Joan FitzAlan, Countess of Hereford, Countess of Essex and Countess of Northampton (1347 – 7 April 1419) was the wife of the 7th Earl of Hereford, 6th Earl of Essex and 2nd Earl of Northampton. She was the mother of Mary de Bohun, the first wife of Henry of Bolingbroke who later reigned as King Henry IV, and Eleanor de Bohun, Duchess of Gloucester. She was the maternal grandmother of King Henry V.

In 1400, she gave the order for the beheading of the Earl of Huntingdon in revenge for the part he had played in the execution of her brother, the 11th Earl of Arundel.

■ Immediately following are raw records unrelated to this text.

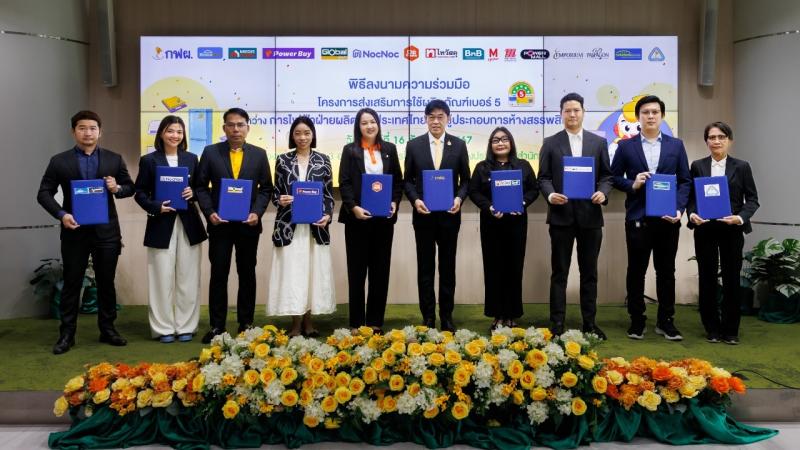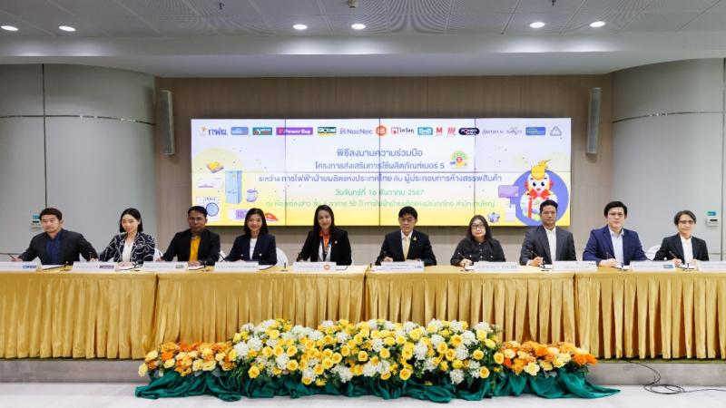 วันที่ 16 ธันวาคม 2567 - นายเทพรัตน์ เทพพิทักษ์ ผู้ว่าการการไฟฟ้าฝ่ายผลิตแห่งประเทศไทย (กฟผ.) เป็นประธานการแถลงข่าวเปิดตัวกิจกรรม กฟผ. ส่งความสุขปีใหม่ คนไทยใส่ใจรักษ์โลกพร้อมลงนามความร่วมมือโครงการส่งเสริมการใช้ผลิตภัณฑ์เบอร์ 5 ระหว่าง กฟผ. กับ ผู้ประกอบการห้างสรรพสินค้า จำนวน 9 ราย ณ ห้อง Press Conference อาคาร 50 ปี กฟผ. สำนักงานใหญ่ จ.นนทบุรี
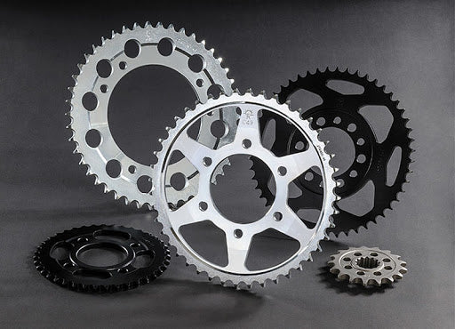 JT sprockets are made using only the best available materials. Aviation-grade 7075-T6 aluminium alloy for lightweight competition sprockets, SCM420 chromoly steel alloy for front sprockets, and we are the only sprocket manufacturer using the ultra-durable high carbon C49 steel for rear sprockets.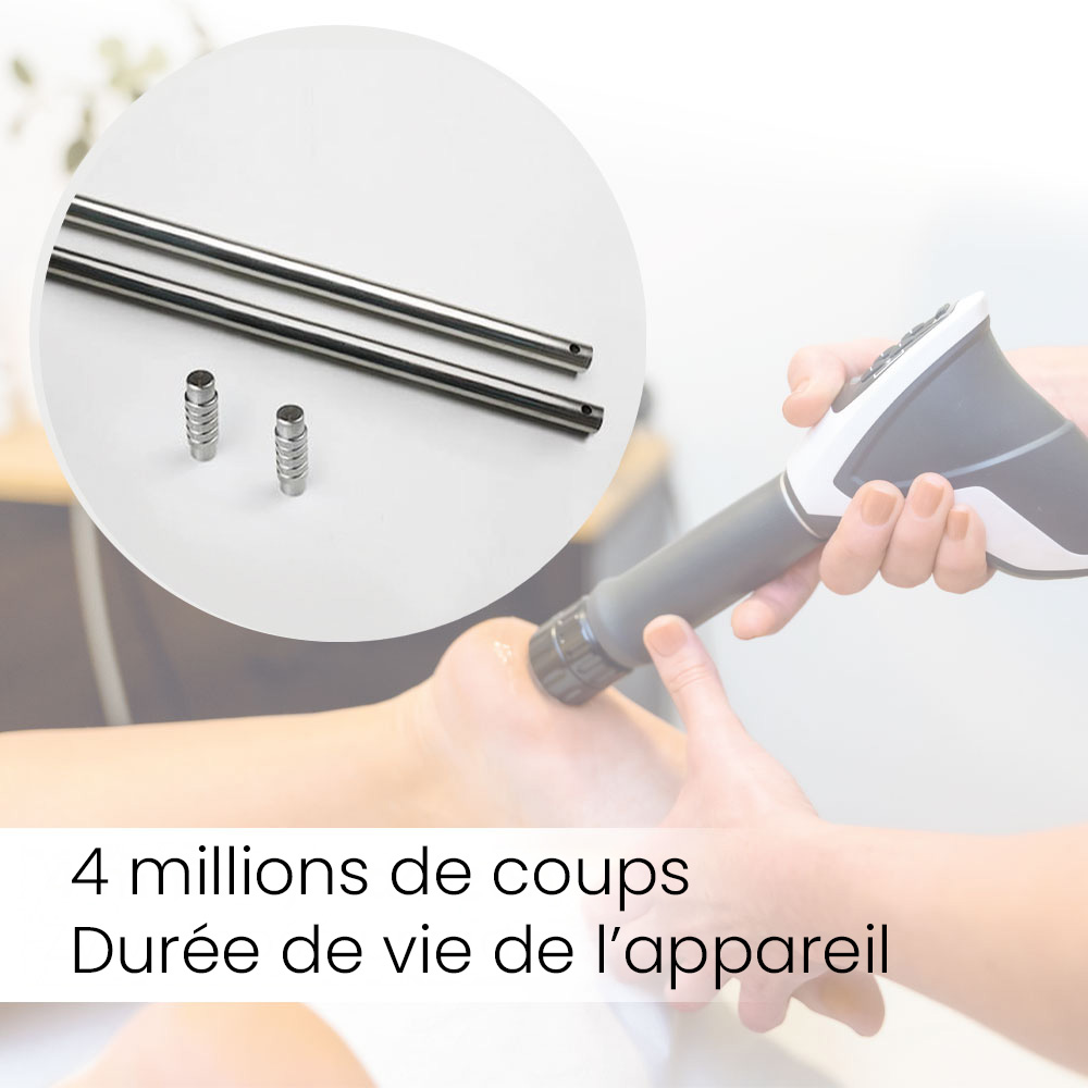 Chaque cartouche est conçue pour résister à jusqu’à 2 millions de coups, garantissant ainsi une durée de vie totale de l’appareil allant jusqu’à 4 millions de coups.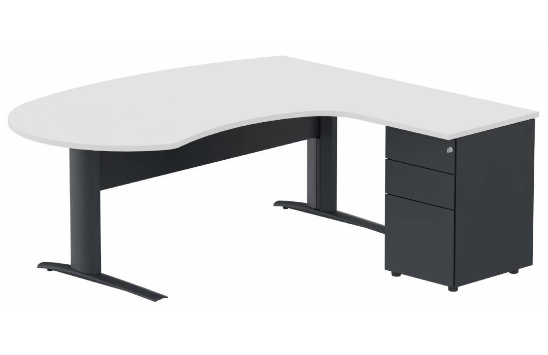 K1 VDF métal compact 90° manager 190x141x104x60cm sur caisson HB métal 3 tiroirs, plateau blanc, structure anthracite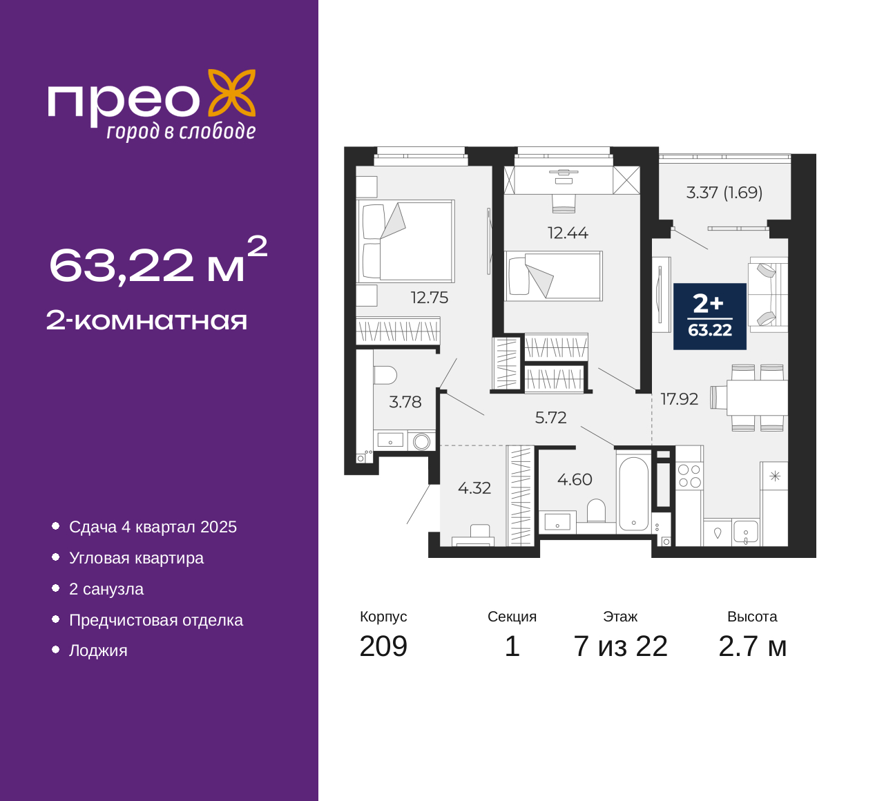 Просторная 2-комн. квартира с предчистовой отделкой в ЖК "Прео" на 7 этаже. Общая площадь: 63.22 кв.м., жилая: 25.19 кв.м., площадь просторной кухни-столовой: 17.92 кв.м. Квартира угловая, окна oбecпeчивaют paвнoмepнoe ocвeщeниe в тeчeниe дня. В квартире одна лоджия, один совмещенный и один раздельный санузел. Высота потолков 2.7 м. Квартира находится в корпусе 209. Дом монолитный, одноподъездный, высотой 22 этажа. На этаже 8 квартир. В подъезде 1 пассажирский и 1 грузовой лифт. Окончание строительства - 4 квартал 2025 года. Оформление сделки по договору долевого участия. Преображенский — один из самых привлекательных районов для жизни! Это полностью самостоятельный жилой район с точки зрения инфраструктуры. Преображенский находится между Московским и Червишевским трактами в квартале улиц Закалужская — Вьюжная — Александра Протозанова. Не нужно ждать, когда появится инфраструктура — переезжайте на всё готовое. Вблизи расположены действующие школа и детский сад. В этом году откроется еще один сад, а в следующем году — школа. По соседству с Преображенским запланировано строительство городского парка «Комарово» площадью 38 гектар. За 10 минут можно доехать на автомобиле до крупных ТРЦ: «Лента», «Кристалл», «Леруа Мерлен», «Метро» и «Ашан». С 2018 года в районе открыт Соседский центр — пространство, созданное для формирования добрососедской среды, совместного досуга, общения и реализации соседских инициатив. Здесь проходят встречи соседей, а также сами жители района организовывают мероприятия. Организатором такого события может стать любой желающий. В квартирах выполнена качественная предчистовая отделка. Гладкие стены с финишным выравниванием по маякам. Ровный потолок для установки натяжного потолка. Установлены пятикамерные окна с двойным стеклопакетом (3 стекла). Дизайнерские холлы с видеонаблюдением, безбарьерным и прозрачным входом – всегда светло и спокойно. На первом этаже есть просторные колясочные, где все жители могут оставлять свои коляски и велосипеды. В Преображенском есть всё, что нужно для активного отдыха и занятий спортом. Мы сделали большое футбольное поле с безопасным покрытием. Также установили хоккейный корт, который оборудован по всем необходимым стандартам. Во дворах можно делать упражнения на специальных площадках с турниками. Весь район мы обустроили велодорожками, которые связаны в единый маршрут. У нас есть сухие фонтаны, бьющие из земли, деревья, веревки, сетки, скалодром, газон, песок и резинка — осталось просто дать своему ребенку право на свободную игру. По-настоящему хорошие дворы — это те, которые дети предпочитают соцсетям и телевизору. Аккредитация в банках: ПАО «Банк Уралсиб», ОАО «Альфа-Банк», «Сбербанк России», ПАО Банк «ВТБ», ПАО «Газпромбанк» и других. (AQID02434717)

The estates which comprised Joan's large dowry made her one of the principal landowners in Essex, where she exercised lordship, acting as arbitrator and feoffee in property transactions.

Family

Lady Joan FitzAlan was born in 1347 at Arundel Castle, Sussex, one of seven children, and the eldest daughter of Richard FitzAlan, 10th Earl of Arundel and his second wife Eleanor of Lancaster. Her paternal grandparents were Edmund FitzAlan, 9th Earl of Arundel and Alice de Warenne, and her maternal grandparents were Henry, 3rd Earl of Lancaster and Maud Chaworth.

List of siblings
 Richard FitzAlan, 11th Earl of Arundel (1346 - 21 September 1397, Tower Hill, Cheapside, London, England), married firstly Elizabeth de Bohun, sister of Humphrey de Bohun, by whom he had seven children, and secondly Philippa Mortimer. He was beheaded on charges of high treason against King Richard II of England.
 John Fitzalan 1st Baron of Arundel, 1st Baron Maltravers (1351 - 16 December 1379), married Eleanor Maltravers, by whom he had issue. He drowned in the Irish Sea, having been shipwrecked after defeating the French off the Cornish coast.
 Alice FitzAlan (1350 - 17 March 1416), married Thomas Holland, 2nd Earl of Kent, by whom she had issue.
 Thomas Arundel Archbishop of Canterbury (1352 - 19 February 1414)
 Mary FitzAlan (died 29 August 1396), married John Le Strange, 4th Baron Strange of Blackmere, by whom she had issue, including Ankaret Le Strange who married Richard Talbot, 4th Baron Talbot. These were the parents of John Talbot, 1st Earl of Shrewsbury (It is possible that she was, however, only a half-sister, having Isabel (le Despenser) FitzAlan as her mother instead of Eleanor of Lancaster.)
 Eleanor FitzAlan (1356 - before 1366)
Joan had a half-brother from her father's first marriage to Isabel le Despenser:
 Edmund of Arundel (1327 - after 1377), he was bastardised by his parents annulment December 1344. He married 1347 Sybil de Montacute, daughter of William de Montacute, 1st Earl of Salisbury, by whom he had three daughters.
Joan had two uterine half-siblings from her mother's first marriage to John de Beaumont, 2nd Lord Beaumont (died 14 April 1342):
 Henry de Beaumont, 3rd Lord Beaumont (4 April 1340 – 17 June 1369), married as her first husband Margaret de Vere (died 15 June 1398), by whom he had issue.
 Matilda de Beaumont (died July 1367), married Hugh de Courtney.

Marriage and issue 
Sometime after 9 September 1359, Joan married Humphrey de Bohun, one of the most powerful noblemen in the realm. His titles included 7th Earl of Hereford, 6th Earl of Essex, 2nd Earl of Northampton, and he was the hereditary Constable of England.
He was the son of William de Bohun, 1st Earl of Northampton and Elizabeth de Badlesmere. Their marriage united two of the most prominent noble families in the kingdom; an alliance which was further strengthened by her elder brother Richard's marriage to Humphrey's sister, Elizabeth.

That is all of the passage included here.